Next, decoding by the memory controller 3 will be described in detail according to the flowcharts in FIG. 9 and FIG. 10. For simplicity of explanation, a case will be taken as an example where a page size which is the storage/reading processing unit and an LDPC frame (hereinafter also referred to as “frame”) size which is a coding/decoding processing unit are the same 30 bits and the block size p is as extremely short as 5 bits. Furthermore, suppose the check matrix has six column blocks and four row blocks.

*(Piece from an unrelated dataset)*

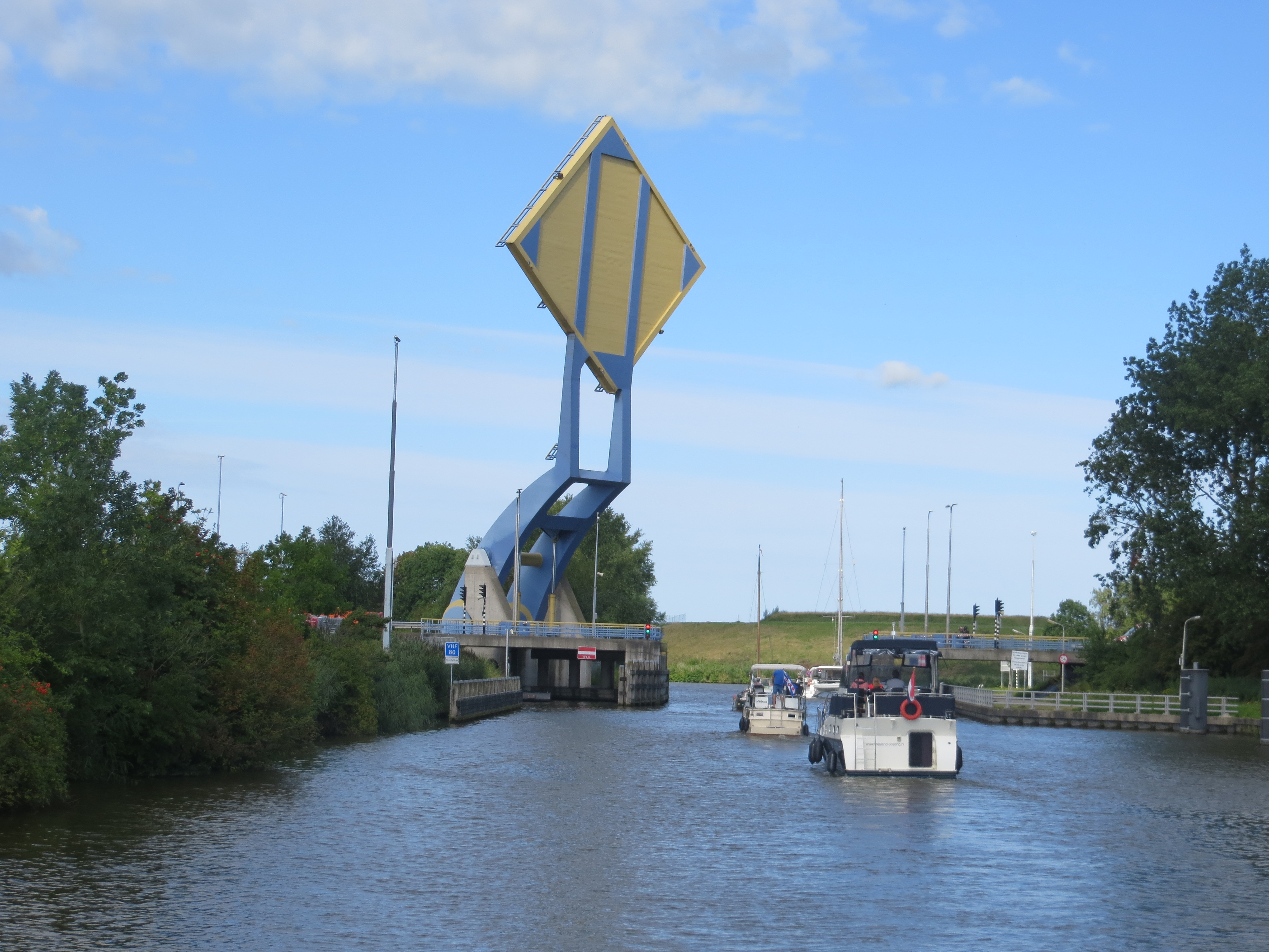 Wir verlassen Leeuwarden. Vor uns sehen wir wieder einmal eine Klappbrücke - doch diese ist anders. Die beiden Tragarme, die den beweglichen Teil der Brücke halten, sind in einem Winkel von 45° zur Fahrbahn angeordnet. Der gelb angemalte Teil der Brücke ist die Unterseite der hochgeklappten Fahrbahn. Das sieht beim Öffnen einfach spektakulär aus.

<Step S10> Reception of Threshold Decision Information

The memory controller 3 receives threshold decision information of frame-unit data read from the memory section 5 through a command from the host 4. Here, the threshold decision information of the respective bits is made up of a hard bit (HB) and, for example, three types of soft bits (SB1, SB2, SB3). The type of the soft bits differs depending on the memory system.

<Step S11> Step of Storing Threshold Decision Information in First Memory Section

The threshold decision information (HB, SB1, SB2, SB3) each having four bits is stored in frame units in the buffer 24 which is the first memory section. In other words, the buffer 24 stores the threshold decision information of the data read from the NAND type flash memory section. Since the frame size is 30 bits, the threshold decision information stored in the buffer 24 has 120 (4×30) bits.

As will be described later, the threshold decision information and LLR data are preferably stored in the buffer 24 so as to be distinguishable by bit addresses. For this reason, the buffer 24 is provided with a storage module of an LLR addition bit (LB) of one bit in addition to a module configured to store the threshold decision information of four bits.

That is, the buffer 24 is made up of an HB module, an SB1 module, an SB2 module, an SB3 module and an LB module, each of which has 30 bits, the storage capacity amounting to 150 bits. Suppose bit addresses for storing data of the same frame are common among those modules.

<Step S12> LLR Conversion Step

The frame-unit threshold decision information stored in the buffer 24 is converted to logarithmic likelihood ratio (LLR) data indicating likelihood of the FIB by the LLR conversion section 16. The LLR conversion section 16 performs conversion processing using a predetermined quantization bit rate Q based on a threshold voltage distribution of the memory cell and based on an LLR table created beforehand.

When the quantization bit rate Q is 5, the LLR conversion section 16 converts the 1-bit HB to 5-bit LLR data. The first one bit of the LLR data is the HB. When the frame size is 30 bits and the quantization bit rate Q is 5, the frame-unit LLR data size is 150 bits.

<Step S13> Step of Transferring (Writing Back) LLR Data to Second Memory Section

The LLR data of frame-unit 150 bits converted by the LLR conversion section 16 is transferred to and stored in the buffer 24. That is, the threshold decision information is erased from the buffer 24 and LLR data is stored therein instead.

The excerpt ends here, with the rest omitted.